In some countries, such as the UK, the curly leaf variety is the most popular. The reason for the preference may have its roots in the middle ages, as people were often reticent to consume the flat leaf variety because it resembled fools parsley (Aethusa Cynapium), a very poisonous weed.
It has been thought that only pregnant women or witches could grow Parsley and planting on Good Friday was the only way to ensure a good harvest.
There are three types of commonly used Parsley namely, flat leafed also known as French Parsley (Petroselinum Crispum French), normal Parsley (Petroselinum Crispum) and Hamburg Parsley (Petroselinum Crispum var. Tuberosum).
Some Flat leafed parsley - Click for bigger Image. (picture taken by Gennine Blanning)
Sow under glass before the first frosts, (late September/Early October in the UK). This is also the time to cut back well established plant and put under cloches/cold frames to ensure a winter supply. Parsley is not a big fan of being up rooted and transferred, in fact, superstition says that bad lick will befall upon your household it you do.(But that is superstition)
You can propagate Parsley in pots on the windowsill. (you can use transparent plastic bags over pots as a cheap propagator.) In a heated propagator the seeds should germinate within 4-6 weeks and if it is a bottom heated propagator 2-3 weeks. It is best to avoid seed trays as this will mean transplanting. When the air and soil temperature have risen in mid spring and the seedlings are big enough, then transplant out side. About 15cm or 6 inches apart should do the job.
To sow outside, if you cannot grow under glass, sow in the early spring to about mid summer. Keep the seeds moist whilst they are germinating, and be patient as Parsley can take up to 8 weeks before germination.

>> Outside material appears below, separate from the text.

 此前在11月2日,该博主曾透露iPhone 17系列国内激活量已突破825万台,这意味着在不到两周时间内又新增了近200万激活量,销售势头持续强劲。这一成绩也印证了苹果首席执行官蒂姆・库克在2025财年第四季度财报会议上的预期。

If you want to cheat a bit then you can buy a small Parsley plant from a good garden centre. (ensure that it is a healthy plant.) Then plant it outside.

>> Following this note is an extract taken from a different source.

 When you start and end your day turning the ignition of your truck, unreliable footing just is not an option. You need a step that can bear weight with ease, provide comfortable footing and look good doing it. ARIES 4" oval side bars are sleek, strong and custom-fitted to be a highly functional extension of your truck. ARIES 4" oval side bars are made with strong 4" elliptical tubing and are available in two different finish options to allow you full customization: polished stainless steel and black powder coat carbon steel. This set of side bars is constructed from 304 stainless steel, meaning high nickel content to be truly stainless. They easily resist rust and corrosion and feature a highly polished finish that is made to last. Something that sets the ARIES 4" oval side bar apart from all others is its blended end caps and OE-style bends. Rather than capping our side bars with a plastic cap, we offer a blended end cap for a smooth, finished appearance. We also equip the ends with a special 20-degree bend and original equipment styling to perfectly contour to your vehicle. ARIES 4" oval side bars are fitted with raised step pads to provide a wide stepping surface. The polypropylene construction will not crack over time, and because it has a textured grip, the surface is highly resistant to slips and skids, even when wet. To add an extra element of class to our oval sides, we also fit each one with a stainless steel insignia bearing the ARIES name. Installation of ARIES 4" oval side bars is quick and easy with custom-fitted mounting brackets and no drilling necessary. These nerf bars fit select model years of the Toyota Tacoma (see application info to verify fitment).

The ideal temperature for Parsley is between 5 to 26 degrees centigrade. With a soil pH of 4.9 and 8.3 (4.1-31). The plant prefers a rich, moist soil with good drainage. I have grown mine in soil full of clay and it has flourished.
Water well in hot weather.
I also grow Flat leafed parsley in pots in my kitchen window. You just have to make sure it is well watered and cut. I normally give it a bit of seaweed feed every two weeks as well. As long as it gets a good 6 hours of daylight you can grow it this way all year round.
Pests and Disease
For young plants watch out for slugs, I surrounded mine with egg shells this year and that seemed to do the job. You might also want to try a simple beer trap. Other than that parsley is generally pest resistant. There is an unfortunate disease that can effect parsley if you see first brown then white spots destroy all your parsley plant. Htis is a fungus and there is no cure.

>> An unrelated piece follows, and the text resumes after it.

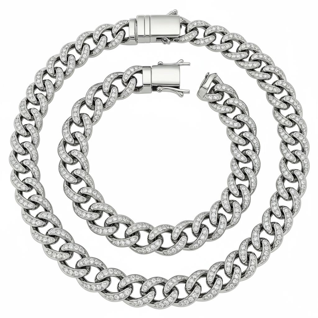 This master chain design elegantly integrates the strength of a Curb link with the delicate complexity of a Rope weave, creating a truly unique statement piece. Crafted in radiant 18KT white gold, the intricate links are meticulously micro-paved with high-clarity diamonds, offering unparalleled brilliance from every angle. It serves as a comprehensive study of classic chain artistry elevated by contemporary diamond setting techniques. This versatile piece is an essential addition to any sophisticated jewelry collection, representing both tradition and modern luxury.

Nutrition in Fresh Parsley (per 100 grams)
Water content 87.71g Calories 36 Kcal Protein 3g Fat 0.79g (none saturated) Carbohydrate 6.33g Fibre 3.3g Sugar 0.85g
As most of the flavour and nutrients are lost once parsley is cooked it is recommended that you do not add it until near the end. I enjoy adding it to mash potatoes. Just finely chop it and add it to the boiled spuds before mashing. Of you are not on a diet a bit of cream is an excellent substitute for the splash of milk.
Apparently it can be used to get rid of head lice. Simply infuse the parsley in hot water and allow to cool. Apply to the head after usual shampooing and wrap your head in a towel for 30 mins and allow to dry naturally.
Parsley is known to be a strong diuretic and as such can be used to treat urinary infections. (consult your Doctor First and do not use if pregnant).
It can also be used in poultices as an antiseptic dressing for wounds and insect bites.